TASK OBJECTIVE: Copying rule for the data below: pictures stay out, and only the lines from the one with "2021 Styles Women" down to the one with "- Dropboxのトリガー設定およびNotionのアクション設定", inclusive, are repeated exactly.
DATA UNDER STUDY START
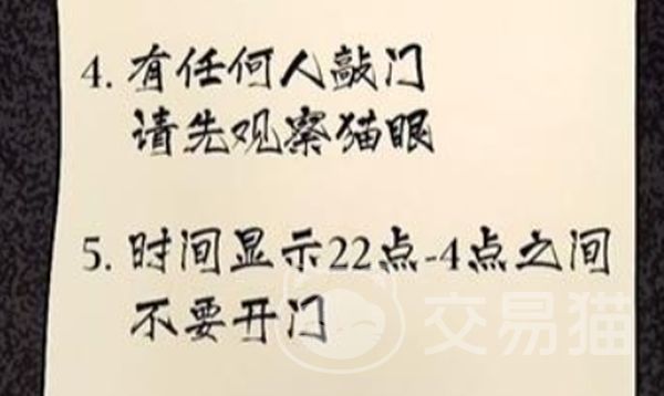 完成这一步操作之后,大家就可以到自己的房间里面点击桌子上的纸条进行查看,将规则查看好之后再将闹钟时间调整到21点,时间调整好之后就可以看房间门上的猫眼,接着出现一个选择题,大家直接点击开门即可。
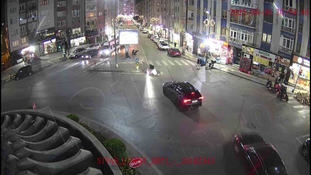 İlk kaza, Sivas Lisesi Kavşağı’nda meydana geldi. Görüntülerde bir otomobilin kavşağa çıktığı ve bu sırada kavşaktan geçmekte olan motosikletle çarpıştığı görüldü. Çarpışmanın etkisiyle motosiklette bulunan iki kişi yere savruldu.
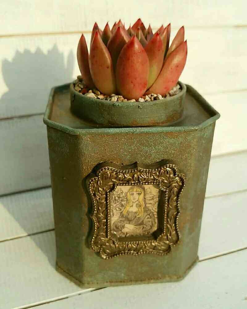 最初は、白っぽいエレガントなエケベリアにしようかな?と悩みましたが、リメ缶にも映える
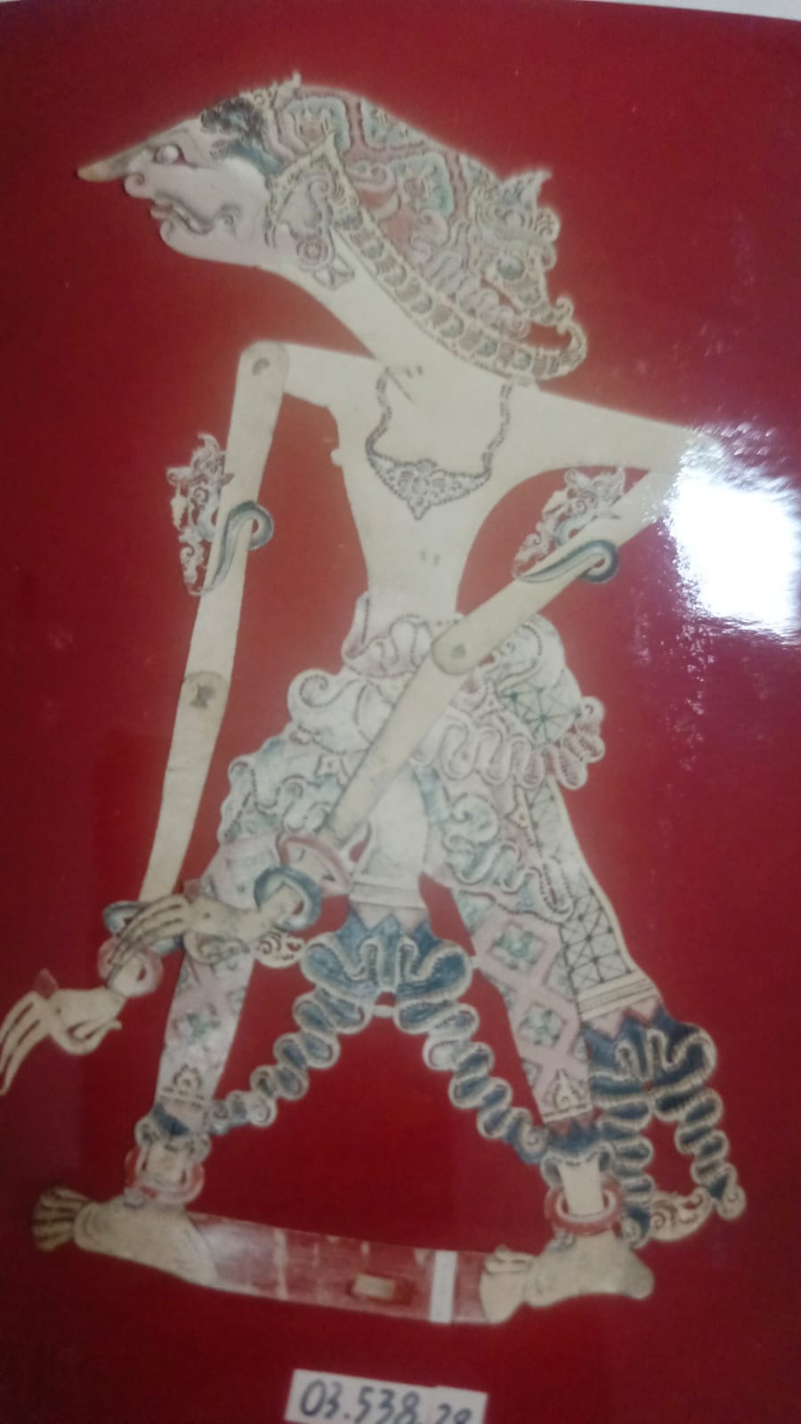 Benda ini terbuat dari kulit dan bambu, berwarna merah, biru, hijau, putih, rambut gelung, hidung mancung
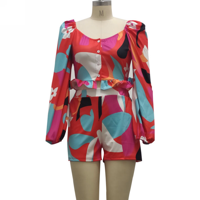 2021 Styles Women Fashion INS Styles Fashion Print Short Two Pieces SuitSKU: #CF51016-1
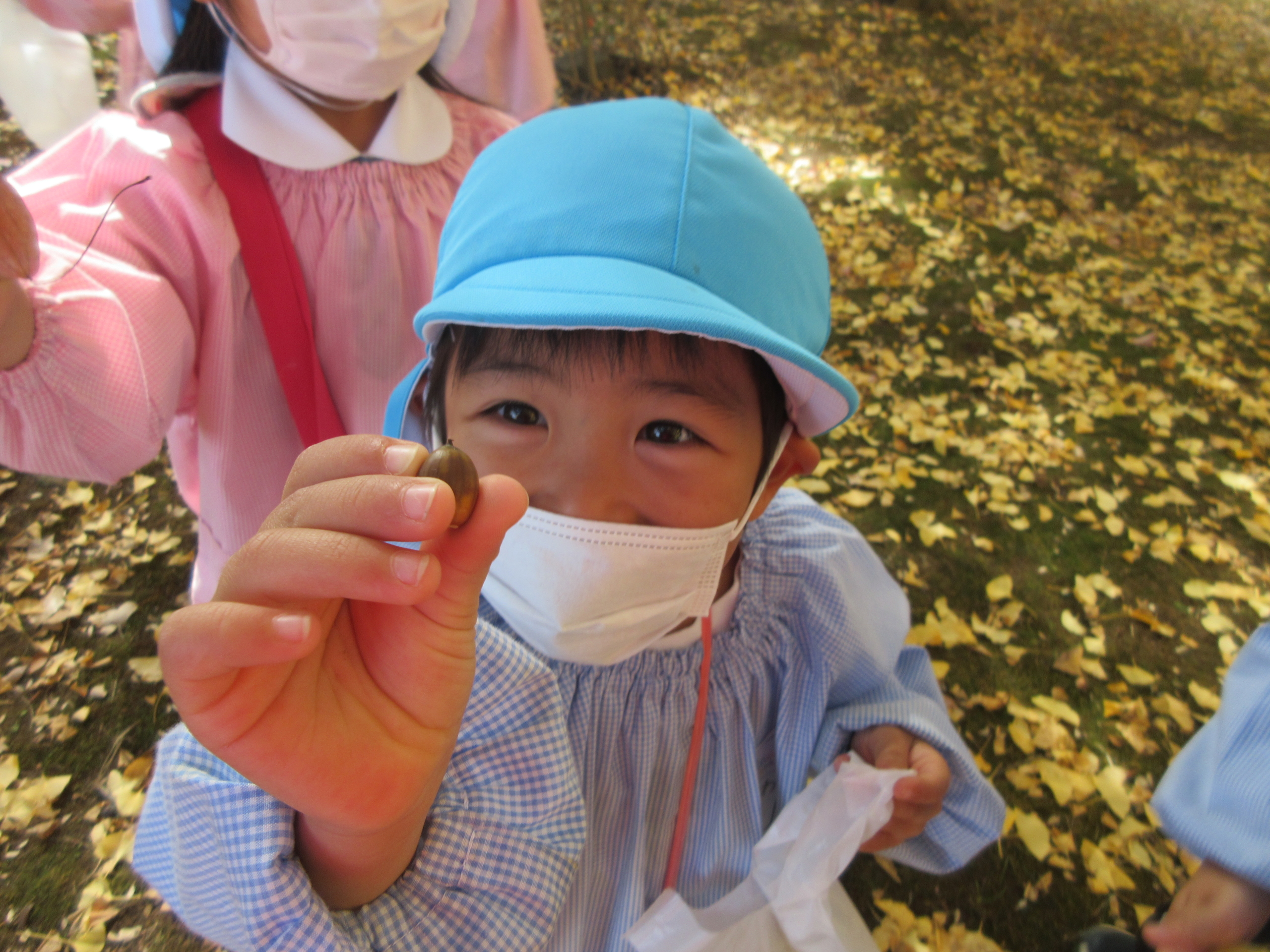 イチョウの葉っぱには様々は形があることをご存知ですか😊イチョウは、雄雌異株、つまり、「オス」「メス」があります。ズボンのように割れているのがオス、スカートのようにつながっているのがメスという説がありますが、それは俗説で、実際は葉っぱの形では全く見分けられないそうです😌💦でも、子どもたちは、「ズボンの形、どこかな??」「男の子の木なのかな?」と葉の形にもこだわって、楽しんでイチョウ探索をしていましたよ🎶
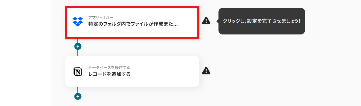 - Dropboxのトリガー設定およびNotionのアクション設定
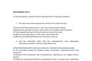 RESTATEMENT TEST 3 For these questions , choose the best rephrased form of the given sentence .
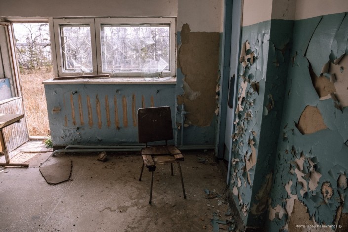 Этот стул мы нашли в тихом коридоре местной начальной школы. Она закрылась более семи лет назад. Учить оказалось некого. Осталось всего несколько детей. Их решено было отправить в интернат в соседний поселок.
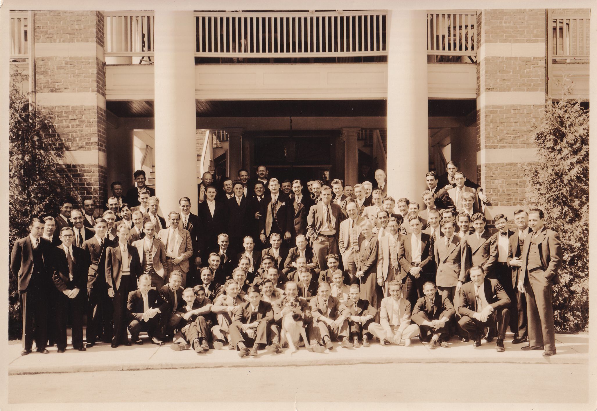 Photograph showing a large group of men, likely patients, at the New York State Hospital for Incipient Tuberculosis, AKA Ray Brook Sanatorium. Patients are standing and seated in the front entrance of the main building. There is a dog at the center of the front row. Handwritten note on back reads, "Patients at Ray Brook, 1933?"
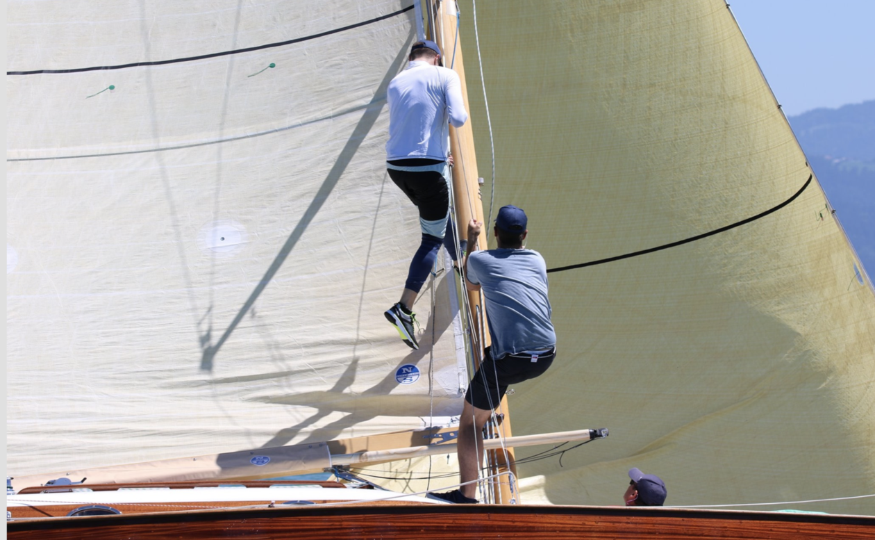 Leider nur ein kleines Grüppchen von 45er-Seglern hat sich in diesem Jahr zum traditionell bestens organisierten Harder Cup eingefunden. Ein Teil der aktiven Flotte vertrat den Bodensee beim Prinz-Ludwig-Preis am Starnberger See, was zu Terminüberschneidungen führte. Aber das sind fast schon Luxusprobleme, zieht man in Betracht, dass am Wochenende in Summe bei beiden Veranstaltungen 15 45er die Regattabahnen absegelten.
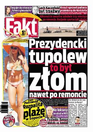 Jak powinniśmy ocenić zmiany w zachowaniu Jarosława Kaczyńskiego tuż po wyborach prezydenckich; Tu-154, który rozbił się pod Smoleńskiem, był przestarzałym wrakiem; Aleksander Kwaśniewski zabiera Ryszarda Kalisza na wczasy pod gruszą; Beata Kempa po kłótni z szefem komisji hazardowej rozpłakała się i nie mogła mówić; Edyta Górniak targuje się o wynagrodzenie za „Taniec z gwiazdami”; wywiad z Karolem Strasburgerem.
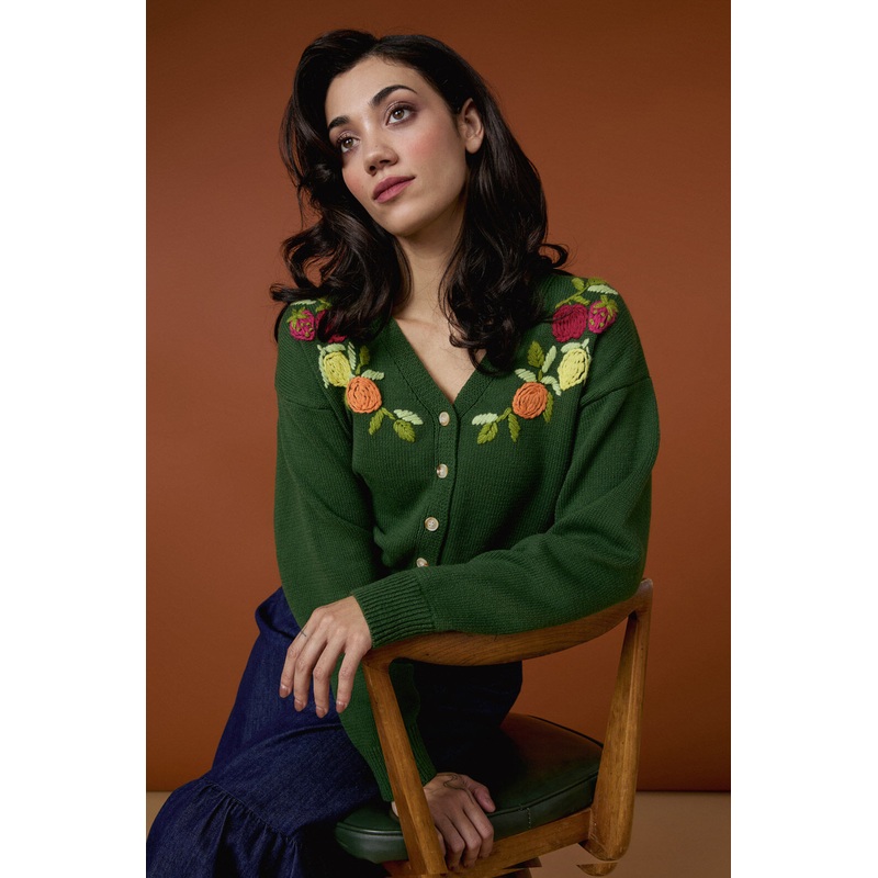 Green v-neck cardigan. Hand embroidered with fresh fruits in vibrant colours - relaxed fit though body with drop shoulder - v shaped neckline- long sleeves- button through front - ribbed cuff, hem and neckline- knitted of a cotton acrylic blend yarn- avail
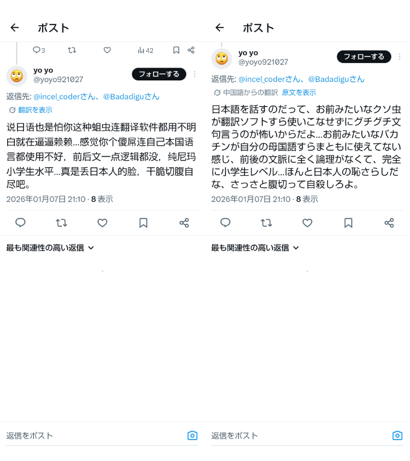 | 005 | 名無しさん | 2026/01/08(木) 07:45:27 | こいつ、中国人だろ。 文体が中国語をA | 画像 |
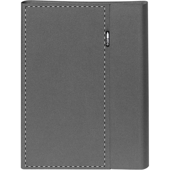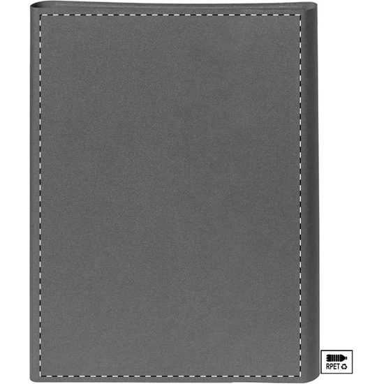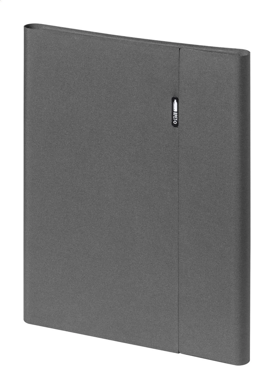 | A4 méretű, 600D RPET poliészterből készült iratmappa mágneses zárral, összehajtható mobiltelefon-tartóval és 20 vonalas lappal. Megkülönböztető RPET címkével ellátva. | |
DATA UNDER STUDY END
SOLUTION TO THIS EXERCISE:
 2021 Styles Women Fashion INS Styles Fashion Print Short Two Pieces SuitSKU: #CF51016-1
 イチョウの葉っぱには様々は形があることをご存知ですか😊イチョウは、雄雌異株、つまり、「オス」「メス」があります。ズボンのように割れているのがオス、スカートのようにつながっているのがメスという説がありますが、それは俗説で、実際は葉っぱの形では全く見分けられないそうです😌💦でも、子どもたちは、「ズボンの形、どこかな??」「男の子の木なのかな?」と葉の形にもこだわって、楽しんでイチョウ探索をしていましたよ🎶
 - Dropboxのトリガー設定およびNotionのアクション設定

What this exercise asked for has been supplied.